Я уставился на него так, как будто видел его впервые.

«Что происходит? Где я?… – я не мог никак понять, что происходит. – Та-а-ак…, я у себя в кабинете. В своем скучном кабинете с белыми стенами, коричневым лакированным столом и стульями вдоль стены».

– Дзин-дзинь!

«Да чтоб тебя!» – подумал я и взял трубку.

– Березин, – сказал я не своим от сна голосом.

– Ты где пропал? – на том конце провода была жена. – Я проснулась, а тебя нет. Ты же ещё в час ночи ушел на вызов.

И тут, ко мне, что называется, вернулась память. Я вспомнил, что деда Костю парализовало, вспомнил его теплую, дрожащую руку, зимнюю дорогу, судороги в машине. Вспомнил Лидию Михайловну, с её высказыванием о скорой смерти больного. Мне стало тоскливо.

– Деда Костю из «Ильича» парализовало. Он в коме, у нас, в восьмой палате, – ответил я и продолжил. – Не волнуйся, со мной все нормально. На обед приду, наверное.

Я положил трубку. Шея болела. На часах было 6:53. В кабинет постучались.
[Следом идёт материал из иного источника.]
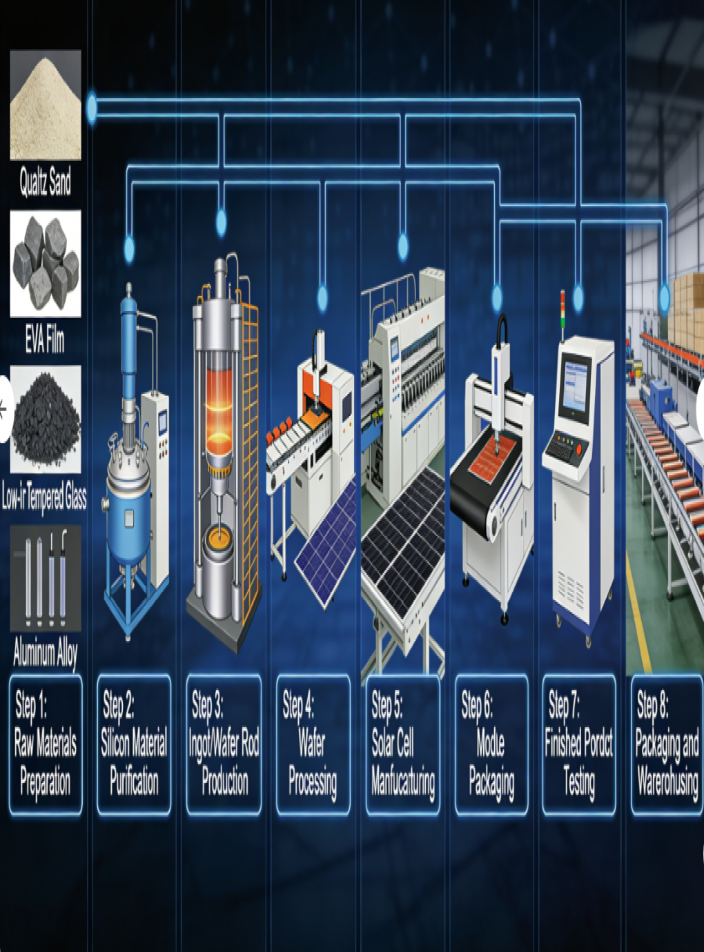 Our photovoltaic panel production line supports flexible production, compatible with HJT, TOPCon, PERC and other cell technologies, as well as G12, M10, M6 and other sizes of silicon wafers, which can quickly switch product specifications to meet customized needs of residential, commercial and utility-scale projects. Equipped with intelligent quality control systems such as EL and IV testers, it achieves real-time monitoring and full-process data traceability, ensuring each panel meets international standards.
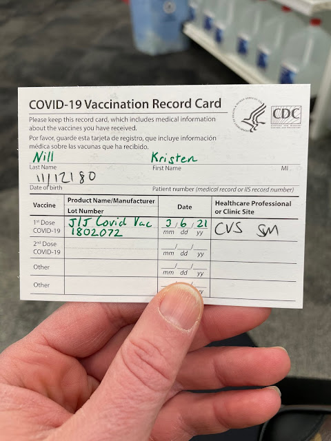 I couldn’t believe it. I woke Jason up. I was elated and actually had trouble going back to sleep. I got an appointment! And for the Johnson & Johnson vaccine which is just one dose!
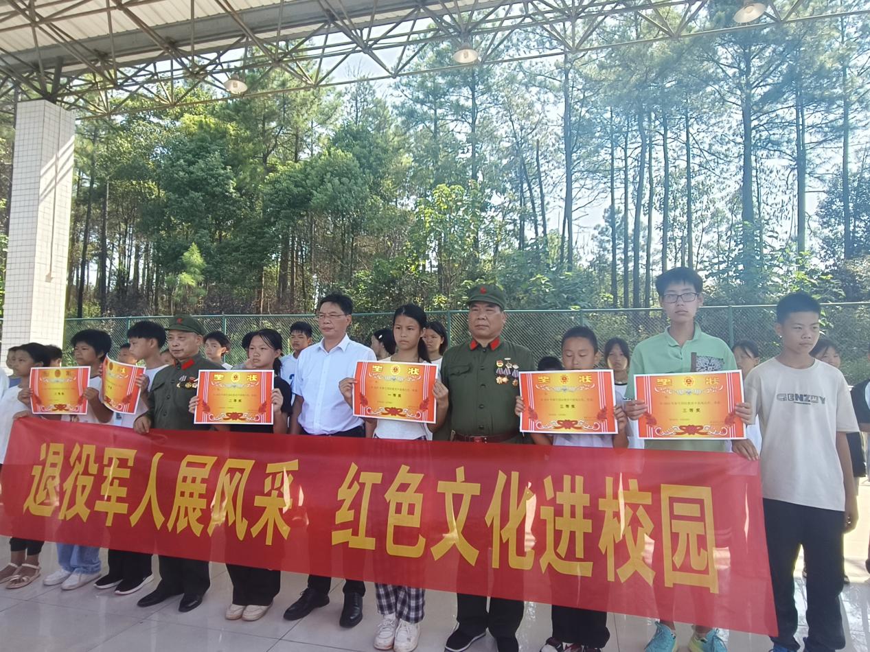 宣講團成員為衡東縣第九中學軍訓先進班級頒獎
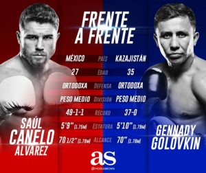El Sábado 15 de Setiembre combatirán por segunda vez , dos de los mejores boxeadores de esta época: Gennady Golovkin contra Saúl » Canelo » Alvarez , por uno de los títulos más preciados en el mundo del Boxeo , el MEDIANO .
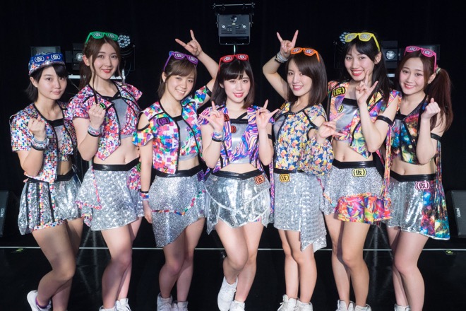 「(仮)は返すぜ☆ Be your soul」などの激しいナンバーを披露したあとは、彼女たちの事務所の先輩にあたるメロン記念日がパンクバンド、ニューロティカとコラボした「ピンチはチャンスバカになろうぜ!」のカバーを投入。EDMチューン「 Shout!!!!!!!」、エモーショナルな「青春の涙」など、様々なジャンルのサウンドで観客の熱量を高めていく。
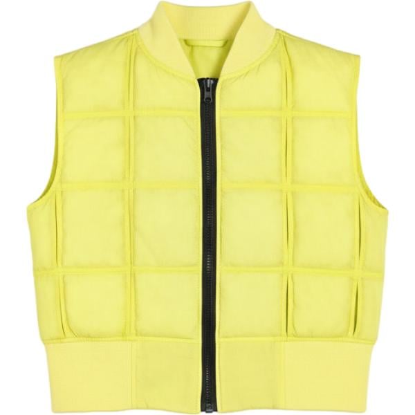 Piumino da donna in giallo chiaro lavorato a maglia senza maniche con zip in nylon
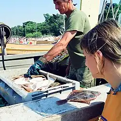 The European flounder is used for human consumption but is not so highly esteemed as the European plaice or common sole (Solea solea).[4] The most important fisheries are in the Baltic Sea and the waters around the Netherlands and Denmark. In 2010, the total world catch was about nineteen thousand tonnes, mostly caught by bottom trawling. The fish is marketed fresh and frozen and can be fried, boiled, steamed, baked or microwaved.[8]
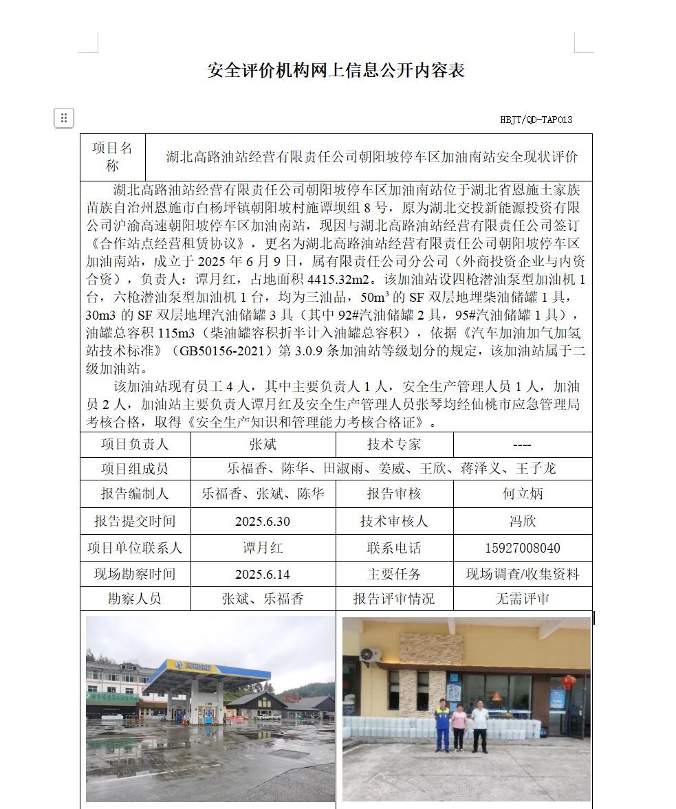 上一篇:?湖北高路油站經(jīng)營有限責(zé)任公司朝陽坡停車區(qū)加油北站安全評價機構(gòu)網(wǎng)上信息公開內(nèi)容表
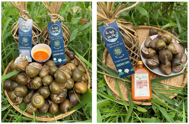 Từ tên gọi, bao bì đến cách chế biến, tất cả đều mang hơi thở Việt. Bao bì sản phẩm được thiết kế mộc mạc, lấy màu xanh và hồng làm chủ đạo, gợi cảm giác gần gũi như cánh đồng sen, nơi những chú ốc lớn lên mang đậm hồn quê Việt. Logo thương hiệu là hình con ốc nhỏ vươn mình đơn giản mà đong đầy ý nghĩa.
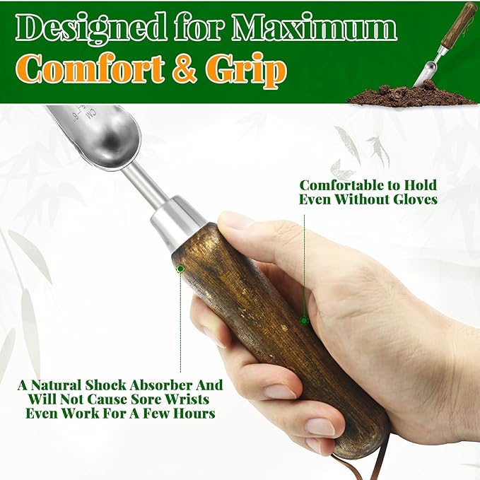- Comfortable Wood Handle with Secure Grip: The smooth wooden handle fits comfortably in your hand, reducing fatigue during long gardening sessions. A hanging hole allows for easy storage.
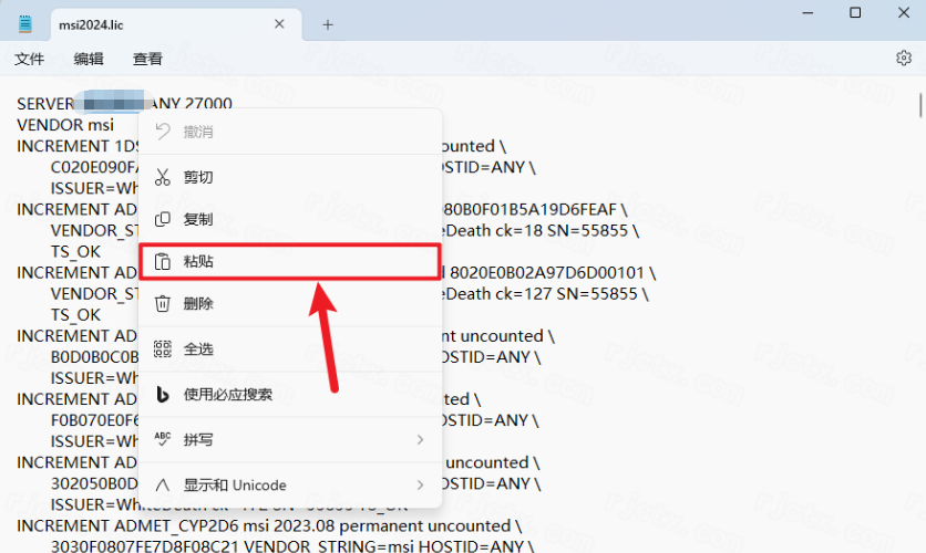 15.鼠标右击【msi2024…】打开方式选择【记事本】打开
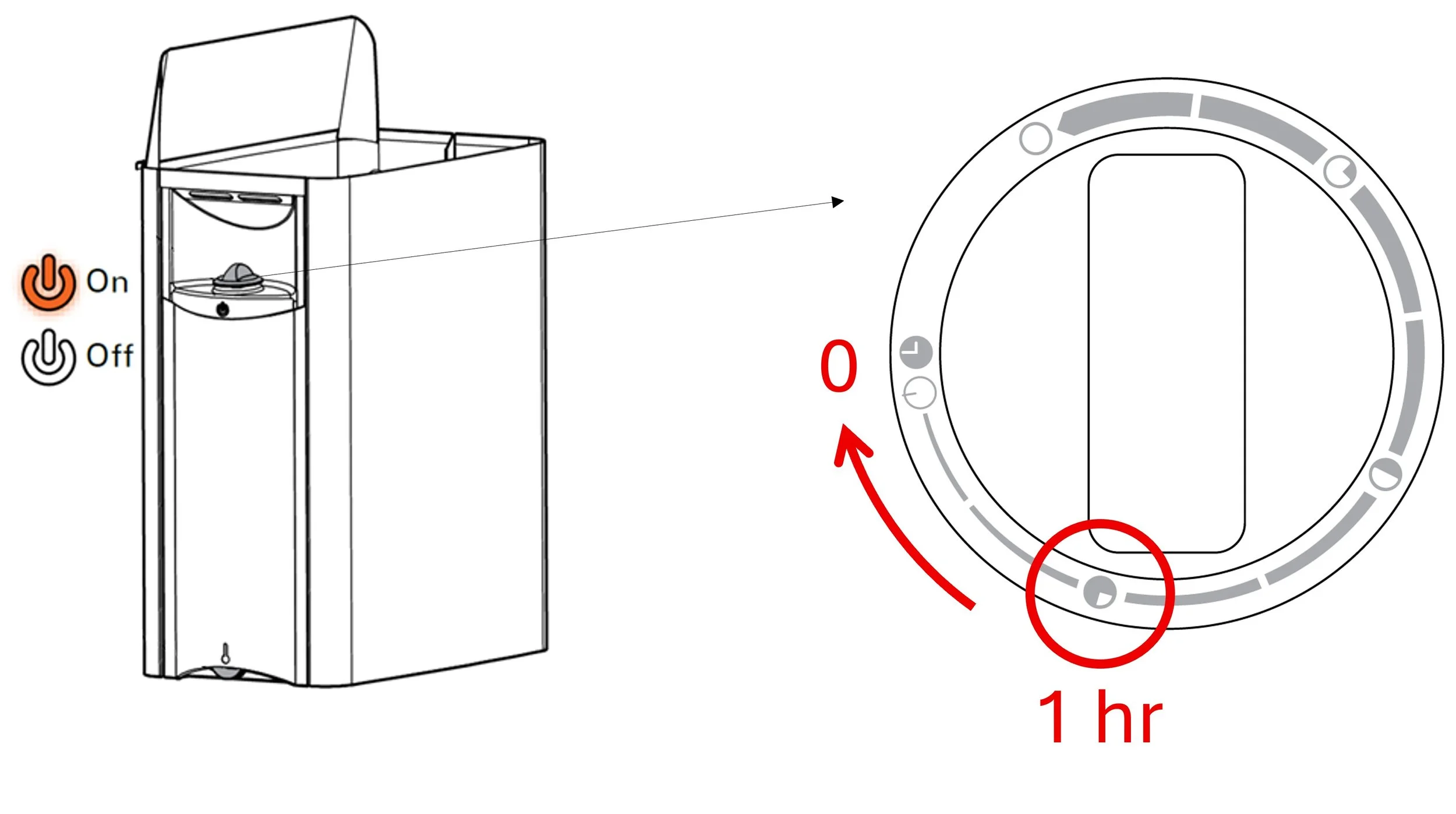 Turn the timer knob on the heater clockwise to the "On" section for around 1 hour (as pictured below). This should provide ample time for the sauna to reach operating temperature and give you 2 or 3 rounds.

– Дмитрий Леонидович, можно? – это была медсестра Ольга Юрьевна. – Я услышала, что телефон звонил. Доброе утро! Вы…

– Как он? – перебил я её, всё ещё держась за шею. – Жив?

– Да. – ответила медсестра. – Он проснулся, его Лидия Михайловна накормить хочет…

– Зачем!? – я вскочил и быстрым шагом пошел по больничному коридору. – Это опасно!

В палате, рядом с кроватью больного сидела санитарка Лидия Михайловна и маленькими-маленькими порциями манной каши пыталась кормить больного. Он пытался жевать, шевелил губами, но проглотить не мог. Каша вытекала у него изо рта и стекала по щеке. Лидия Михайловна вытирала кашу с его щеки полотенцем и, снова и снова, подобно терпеливой маме, кормящей непослушного малыша, давала ему кашу. Когда я зашёл в палату и появился в его поле зрения, он улыбнулся уголком рта и посмотрел на меня таким взглядом полным отчаянья, что я не забуду его никогда. В его взгляде я увидел, что он прекрасно понимает, что жить ему осталось совсем немного, а я его забрал из родного дома. И вот сейчас, его пытается накормить чужая женщина, а родная его спутница – бабушка Лизавета, с которой он прожил уже двадцать с лишним лет, далеко в деревне, одна. Дети где-то в городе и ещё не знают о том, что отец умирает.

– Будем кормить через зонд. Принесите, – коротко сказал я медсестре.

Я установил деду назогастральный зонд, показал, как надо кормить больного и вышел из палаты.

– Леонидыч, пойдем, – сказал мне проходящий мимо больной, – покурим?

– Курить вредно! – ответил я, но все же пошел следом.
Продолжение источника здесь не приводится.